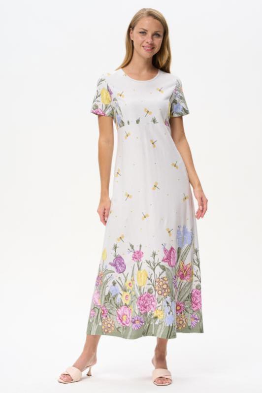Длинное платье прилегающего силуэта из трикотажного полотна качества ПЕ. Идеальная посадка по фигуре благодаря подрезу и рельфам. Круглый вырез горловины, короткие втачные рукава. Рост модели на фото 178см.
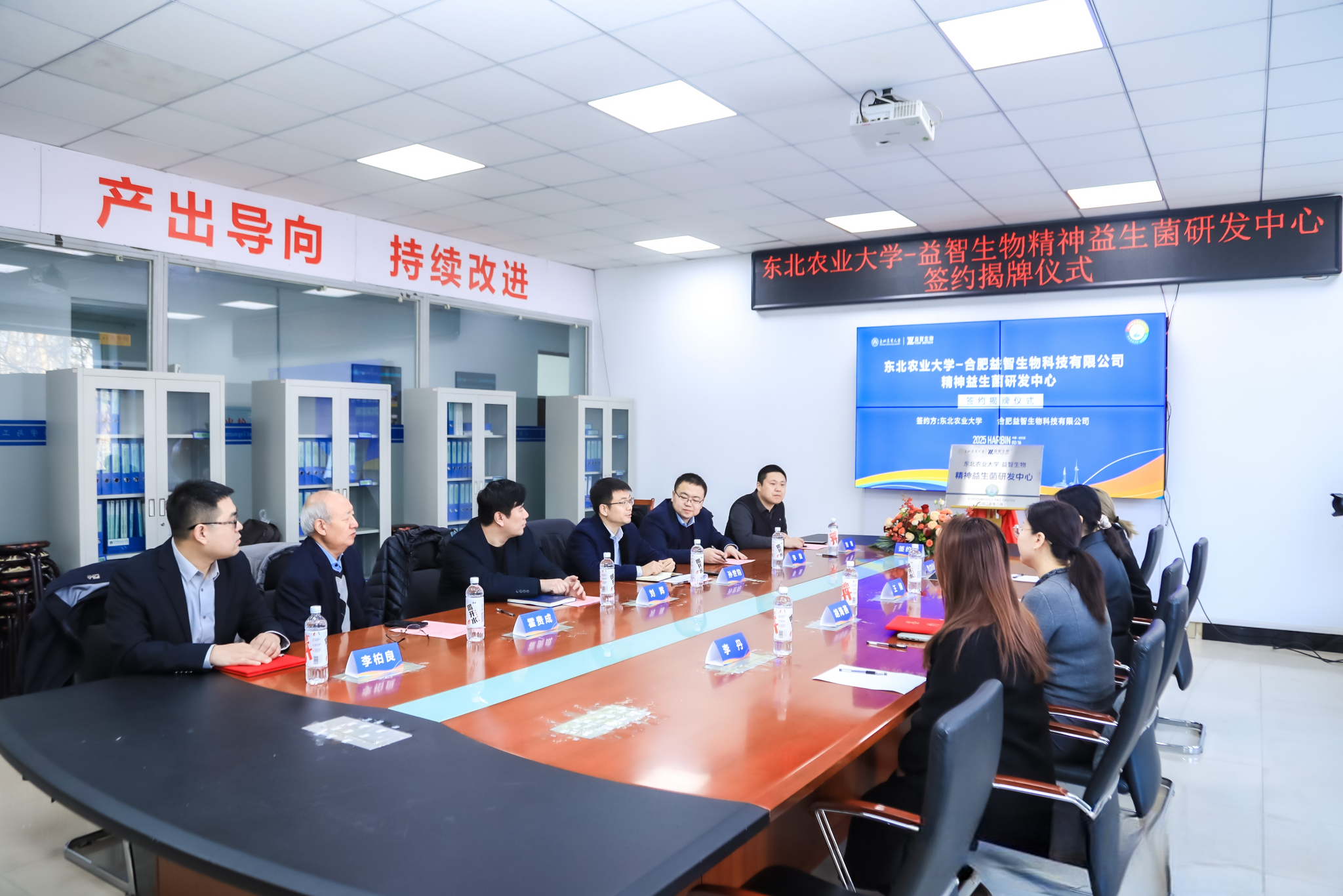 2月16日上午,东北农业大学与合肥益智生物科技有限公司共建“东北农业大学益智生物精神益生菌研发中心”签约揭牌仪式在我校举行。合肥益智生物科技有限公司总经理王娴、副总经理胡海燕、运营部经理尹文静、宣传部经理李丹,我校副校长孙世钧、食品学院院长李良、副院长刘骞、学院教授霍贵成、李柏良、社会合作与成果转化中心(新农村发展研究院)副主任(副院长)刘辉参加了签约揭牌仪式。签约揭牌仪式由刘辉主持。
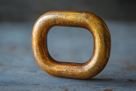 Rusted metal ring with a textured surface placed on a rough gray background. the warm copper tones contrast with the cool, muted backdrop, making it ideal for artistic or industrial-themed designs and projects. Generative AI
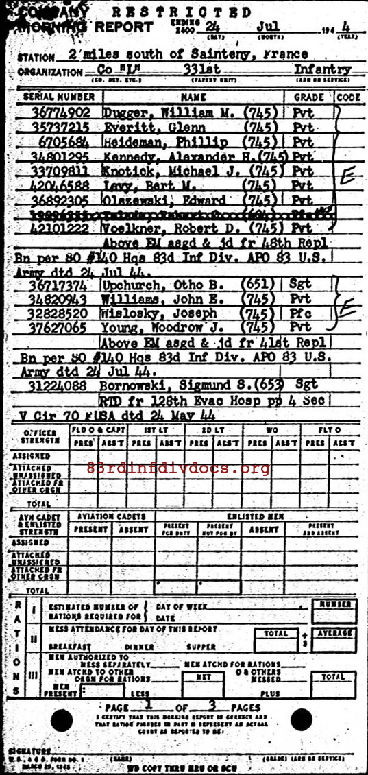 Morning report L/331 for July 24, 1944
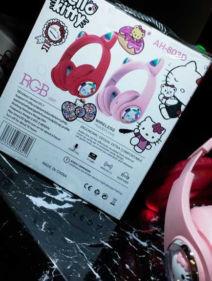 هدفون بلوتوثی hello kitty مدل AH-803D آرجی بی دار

--

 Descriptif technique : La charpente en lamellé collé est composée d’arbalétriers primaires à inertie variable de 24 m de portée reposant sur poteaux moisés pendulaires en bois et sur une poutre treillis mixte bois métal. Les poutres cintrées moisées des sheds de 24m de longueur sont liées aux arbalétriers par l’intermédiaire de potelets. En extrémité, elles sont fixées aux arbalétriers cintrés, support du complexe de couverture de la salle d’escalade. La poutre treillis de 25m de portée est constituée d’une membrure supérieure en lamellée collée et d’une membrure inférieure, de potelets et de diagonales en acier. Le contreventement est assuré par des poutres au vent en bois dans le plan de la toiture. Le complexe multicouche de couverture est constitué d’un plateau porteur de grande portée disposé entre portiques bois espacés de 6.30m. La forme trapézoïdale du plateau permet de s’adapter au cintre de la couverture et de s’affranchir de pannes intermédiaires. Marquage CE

### Problem description
Both the line containing "Rusted metal ring" and the line containing "هدفون بلوتوثی hello" above belong in the output, as do the lines between them. Print them exactly, without pictures.

### Result for this exercise
 Rusted metal ring with a textured surface placed on a rough gray background. the warm copper tones contrast with the cool, muted backdrop, making it ideal for artistic or industrial-themed designs and projects. Generative AI
 Morning report L/331 for July 24, 1944
 هدفون بلوتوثی hello kitty مدل AH-803D آرجی بی دار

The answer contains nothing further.